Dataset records
+---+
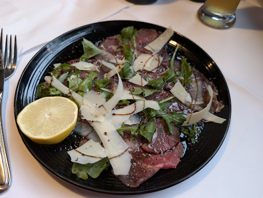 Read moreWir haben uns zu zweit zu einem Spontanbesuch entschieden. Trotz vollem Restaurants und fehlender Reservierung haben wir einen Platz bekommen. Allerdings draußen. Da das Wetter aktuell jedoch noch mitspielt, war das für uns kein Problem. Der Service ist freundlich, sehr bemüht und rasend schnell. Als Vorspeise hatten wir ein Carpaccio vom Wagyu-Rind - war in Ordnung. Zudem wurden Brot und diverse Dips gereicht, welche im Geschmack überzeugt haben. Von der beinahe täglich wechselnden Fleischkarte hat sich meine Partnerin ein Filet Mignon und ich mir das Bürgermeister-Stück ausgesucht. Geschmacklich spielten beide in der oberen Liga. Einzig die gewünschte Garstufe "medium-rare" bei meinem Stück wurde für mein Empfinden verfehlt, sodass es innen doch stark in Richtung bleu ging und stellenweise kalt war. Das beim Servieren gemachte Angebot, dass das Fleisch nochmal auf den Grill könne, wenn der Garpunkt nicht passe, nahm ich indes nicht an. Zu groß war der Appetit beim Anblick des Steaks. Die Beilagen waren mit Kartoffeln und Bohnen einigermaßen unspektakulär, hier liegt der Fokus eindeutig auf dem Fleisch. Geht in Ordnung, doch beim nächsten Mal sollte eventuell ein weniger verliebter Koch die Bohnen salzen. :) Nach dem Bezahlen wurde ungefragt noch ein Schnaps serviert. Im Hinblick auf Menschen, die keinen Alkohol trinken, sicher eine vorherige Frage wert. So wanderte der spendierte Ouzo leider in den Abfluss. Abgesehen von den erwähnten Kleinigkeiten, ein gelungener Abend und eine Rechtfertigung für einen...
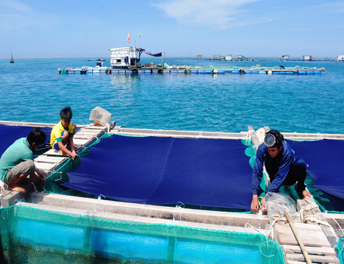 Ngư dân Lý Sơn buộc che màn chống nắng cho tôm hùm. Ông Phù Thanh Hải (ngụ xã An Vĩnh) vừa đầu tư 1,4 tỷ đồng đóng lồng bè, mua gần 3.000 tôm giống đưa về nuôi ở đảo.
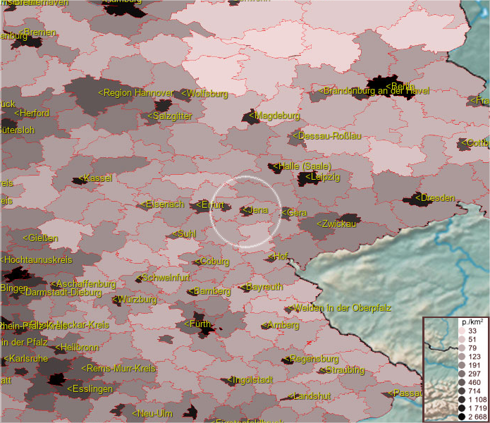 Um Postleitzahlen im Jena Kreisfreie Stadt zu finden, wählen Sie bitte Gemeinde (die Liste befindet sich unter der Karte)
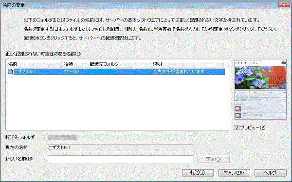 転送に成功しましたが 名前の変更ができません
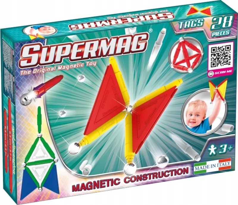 Magnetické kreatívne hračky Supermag Primary 28 – sada 28 magnetických prvkov, ktoré deťom umožňujú stavať rozmanité konštrukcie pomocou magnetických tyčiek a spojov. Stavebnica podporuje kreativitu, priestorové myslenie a jemnú motoriku.
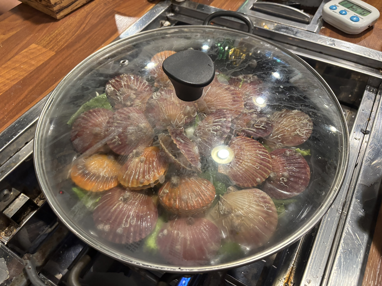 아무튼 가리비가 입을 벌리는 게 보이기 시작했다.
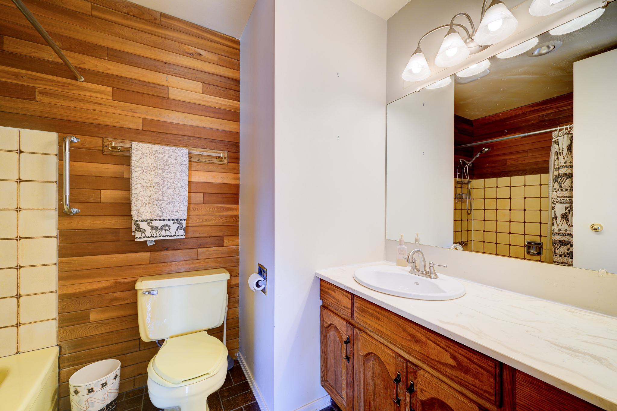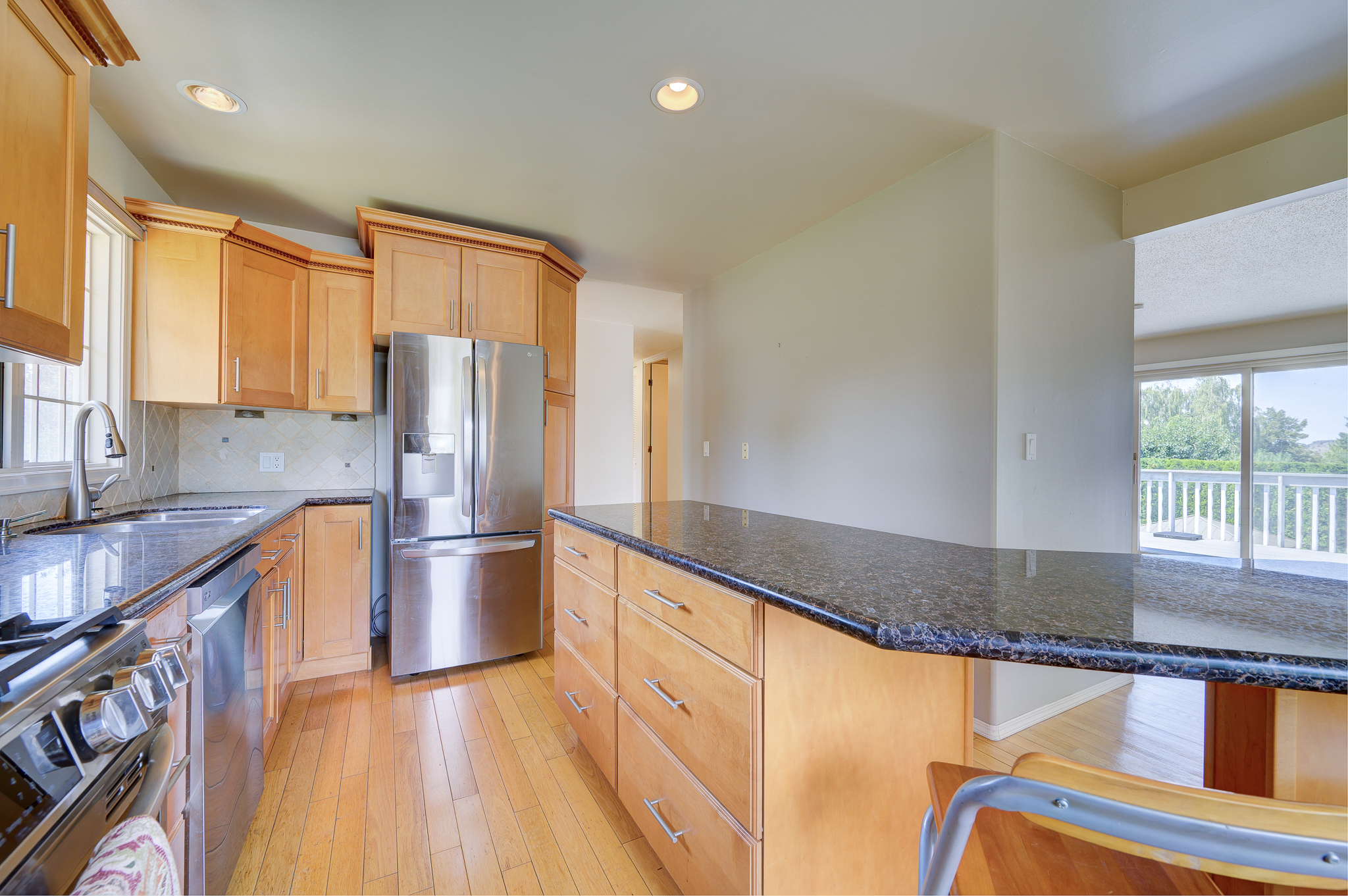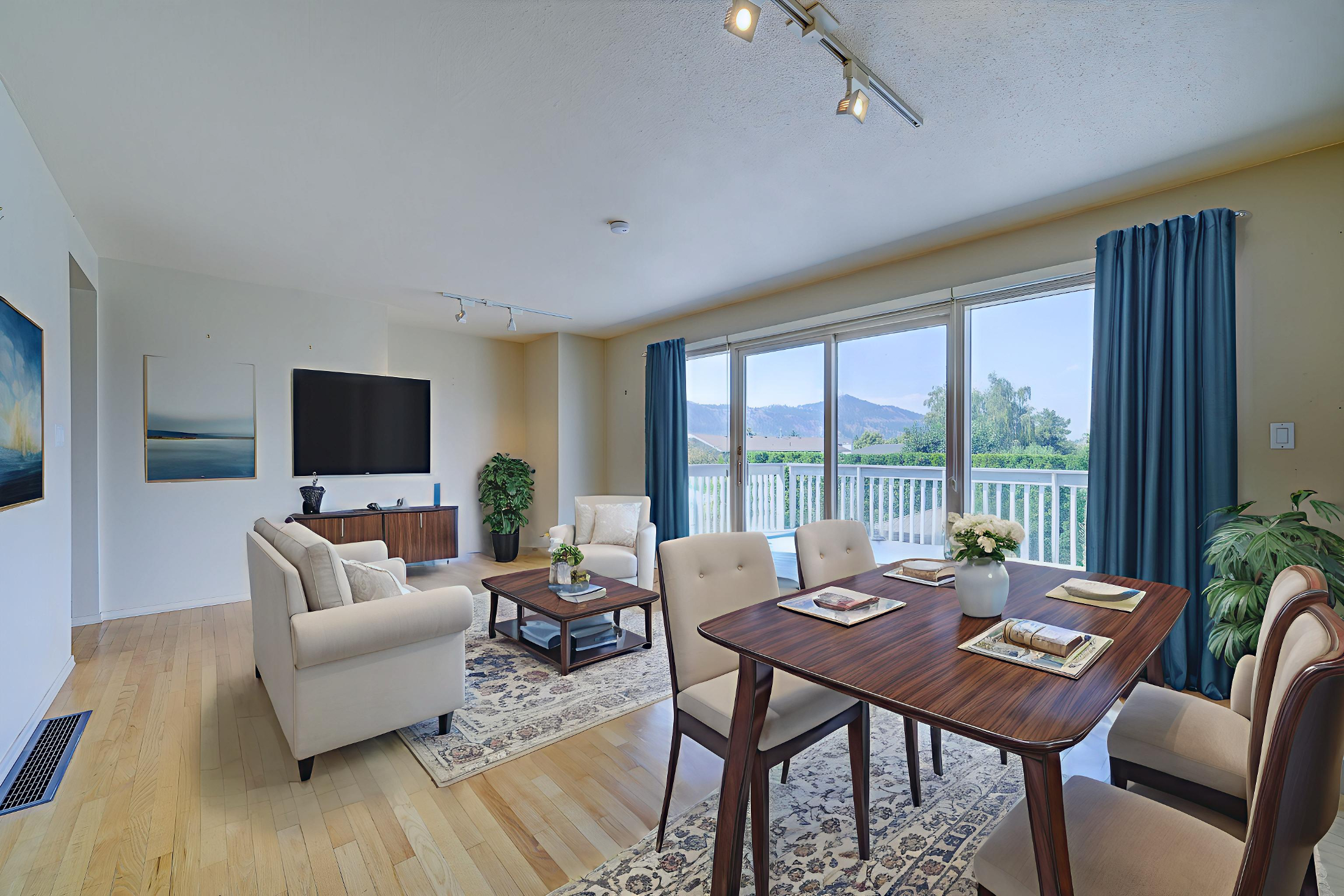 Walk through the main floor of this home and you will see so much potential! There is hardwood flooring running throughout the main floor. The kitchen is updated with stone counters, stainless steel appliances including a gas range and lots of cabinet space. The kitchen flows through to the living and dining room space which have lots of windows for natural light and a sliding glass door leading to the large patio with stair access to the yard.
+---+
▶ _Exercise instructions_: Please set down only the lines from the one containing "아무튼 가리비가 입을 벌리는 게 보이기 시작했다." through the end of the entries, exactly as they stand, both ends included and with no pictures.

▶ _Output for this task_:
 아무튼 가리비가 입을 벌리는 게 보이기 시작했다.
 Walk through the main floor of this home and you will see so much potential! There is hardwood flooring running throughout the main floor. The kitchen is updated with stone counters, stainless steel appliances including a gas range and lots of cabinet space. The kitchen flows through to the living and dining room space which have lots of windows for natural light and a sliding glass door leading to the large patio with stair access to the yard.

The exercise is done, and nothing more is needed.